We have also recently developed statistical methods to assess variability of splicing ratios, to identify genes with condition specific splicing patterns, and to deconvolute the contribution of expression variation vs splicing variation to the variation in the abundance of alternative splice forms (Gonzalez-Porta, M, Calvo M, Sammeth M and Guigo R. 2011. Genome Research. “Estimation of alternative splicing variability in human populations”). Moreover, by analyzing the ENCODE data using these methods, we have found that a large fraction of the variability in transcript abundance can be simply explained by the variability in global gene expression ("Landscape of transcription in human cell lines". The ENCODE RNA Group, including Djebali S, Lagarde J, Merkel A, Tanzer A, Röder M, Ferreira P, Tilgner H, Gonzalez D, Skancke J, Curado J, Derrien T, Ribeca P, Alioto T, Sammeth M, Kingswood C, Johnson R, Guigó R. In preparation).

Finally, as part of the GENCODE project, we have developed a pipeline for experimental verification of transcript annotations. The pipeline, which we termed RT-PCRSeq, is based on an efficient multiplexing of RT-PCR reactions using high throughput sequencing ("The combination of RT-PCR-seq and RNA-seq is essential to catalog all genic elements encoded in the human genome." Howald C. et al, including Tanzer A, Derrien T, Guigo R. -In preparation-).
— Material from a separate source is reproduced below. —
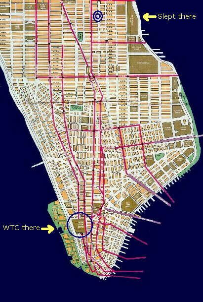 The following web pages are part of a larger safari that took a friend (a surfer, carpenter, martial arts instructor, former biology student of mine) and me to Atlanta and New York City at the end of December 1999. The web pages illustrate with images what we did that Christmas Morning 1999. From much experience in the past, I've learned the times to avoid crowds at "souldn't-be-missed" tourist attractions. Tony suggested that we could make the visit to the World Trade Center our Christmas present that day.

We have had a long standing interest in the assessment of methods to delineate transcript structures and transcript abundances, and within GENCODE, we have organized RGASP 1 and 2 community benchmark experiments (http://www.gencodegenes.org/rgasp/).  In fact, in this past year we have again participated and helped organize the Sequence Mapping and Assembly Assessment Project (SMAAP -dnGASP and RGASP3-), whose results were presented in a workshop in Barcelona this last April, and consisted of a collaborative effort among researchers to compare and evaluate cutting edge methods and strategies for 2nd generation sequencing data mapping and assembly. This project involved several groups from around the world and allowed us to put to test the different RNASeq analysis tools we have been developing and which we described above (GEM mapper, Flux Capacitor and NextGeneid –ab initio geneid + RNASeq reads and split-mapped introns). Results will be made public and submitted for publication in the course of 2012.